Well, actually we're not going to name him. You'll have to Google it yourself.

Why? Because by an amazing and sad coincidence, at the very moment Tyler - after all these years - decided to get reacquainted down there in the second life cyberspace town hall, it turns out that in real life, the leader has just died. His funeral was yesterday.

Tyler isn't normally one for spooky coincidences. But this, this is spooky. And frankly, rather a shock. After all, despite the flogging, he was a fellow flesh and blood, all too mortal man, earning a crust, and doing what he believed was his duty to his community. Besides, whatever may have happened in the past, it isn't right to bad mouth someone who's barely cold in his grave. We're not going there.

Instead, let's focus on Tameside Council itself. Whatever people like Tyler may say, we're not North Korea. People can vote for their councillors. So how can it be that one party can stay in power like that for ever? Especially when it's quite clear that a lot of the locals have serious misgivings.

Well, part of it has to be that old tribal thing. Most people in places like Tameside just don't vote Tory. End of. Lib Dems? Talk sense will you?

But there's something else going on. The reality is that in real life as well as cyberspace, our councils have become virtual. They are little more than figments of our imagination.

As we've blogged since the start, councils today are essentially an arm of central government. They may still have town halls, and it may say "Council" on the big brass plate, but in truth they have to do not what their local electors want, but what their paymasters in Whitehall tell them to. It's a simple case of follow the money.

In Tameside's case, its gross expenditure this year is budgeted at just under £600m. But less than £100m of that will come from local Council Tax payers. The rest will largely come from Whitehall, in one way or another.

Which means two things. First, the local electors don't get terribly excited about their local elections - they understand that the council is not where the real power lies. And second, the council itself is mainly in the game of ticking Whitehall's boxes.

And fair play to Tameside - they've done a fabulous job on the ticking. The Audit Commission is incredibly pleased, rating them a 4 star council - the very best - which is "improving well", and delivering top notch value for money.

So while you, me, and everyone else out here in the real world thinks spending £36 grand on a virtual town hall is a crap waste of our cash (and in a similar vein, check out their TV station - Tameside TV), in the virtual world of fantasy councils, Tameside is doing a cracking job.

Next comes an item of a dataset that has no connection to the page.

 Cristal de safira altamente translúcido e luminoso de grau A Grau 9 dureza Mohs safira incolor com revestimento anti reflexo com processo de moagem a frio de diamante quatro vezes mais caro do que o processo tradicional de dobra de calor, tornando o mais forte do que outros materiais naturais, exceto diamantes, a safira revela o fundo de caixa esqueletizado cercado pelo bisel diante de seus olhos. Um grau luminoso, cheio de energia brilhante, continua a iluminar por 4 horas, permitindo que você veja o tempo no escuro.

Of course, going forward, it will get a tad more difficult. Gone is the largesse of Labour, spraying Southern tax revenue all over its Northern fiefdoms like Tameside (an estimated £1.2bn was spent there in 2008-09). Instead, they'll face George's squeeze, alongside a Tory determination to rebalance such grossly unfair spending regional spending biases.

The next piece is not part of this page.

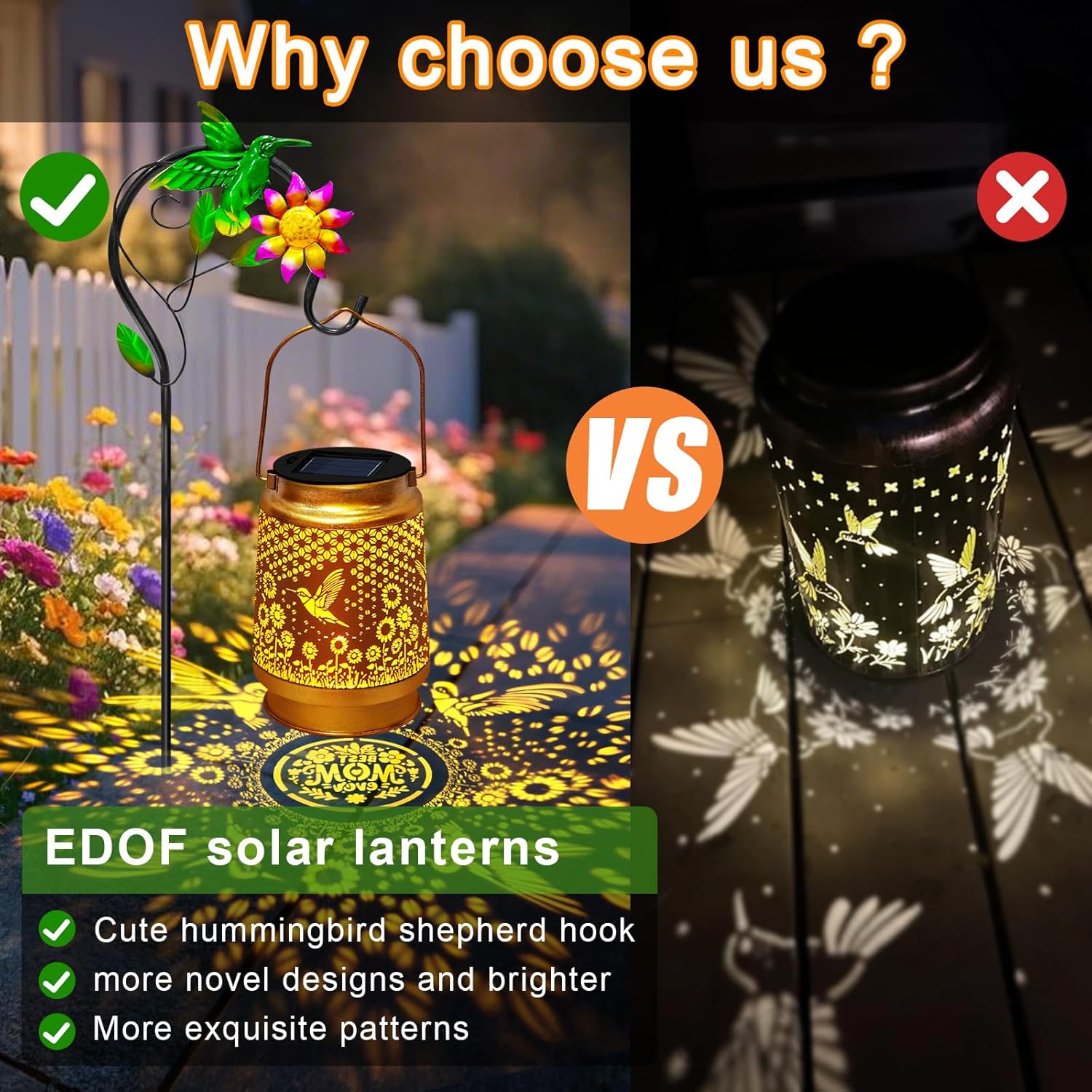 EDOF solar outdoor lanterns with this good lighting,beautiful pattern projection,solar outdoor lights is a surprising yard outdoor decorations to decorate your garden,patio,porch,pathway,walkway,lawn,tree;solar hummingbird lights with the bottom projection “mom” is a unique garden hummingbird gifts.

But this whole saga underlines once again that we really do need real fiscal decentralisation. Councils should have to raise most of their own cash from their own local taxpayers. Councillors who think it's OK to spend taxpayers' money on computer games should be forced to explain and justify themselves to their own local electors, not some cosseted quangocrat sitting miles away.

In the real world, you can bet nobody outside the Democratic People's Republic of Korea would stay in power for 30 years.

PS Was everyone Tyler encountered at Tameside Council a dope? By no means. In fact, there were some very good quality people there. But most seemed understandably scared of upsetting the leader, and all were locked into a local government system that is fundamentally dysfunctional.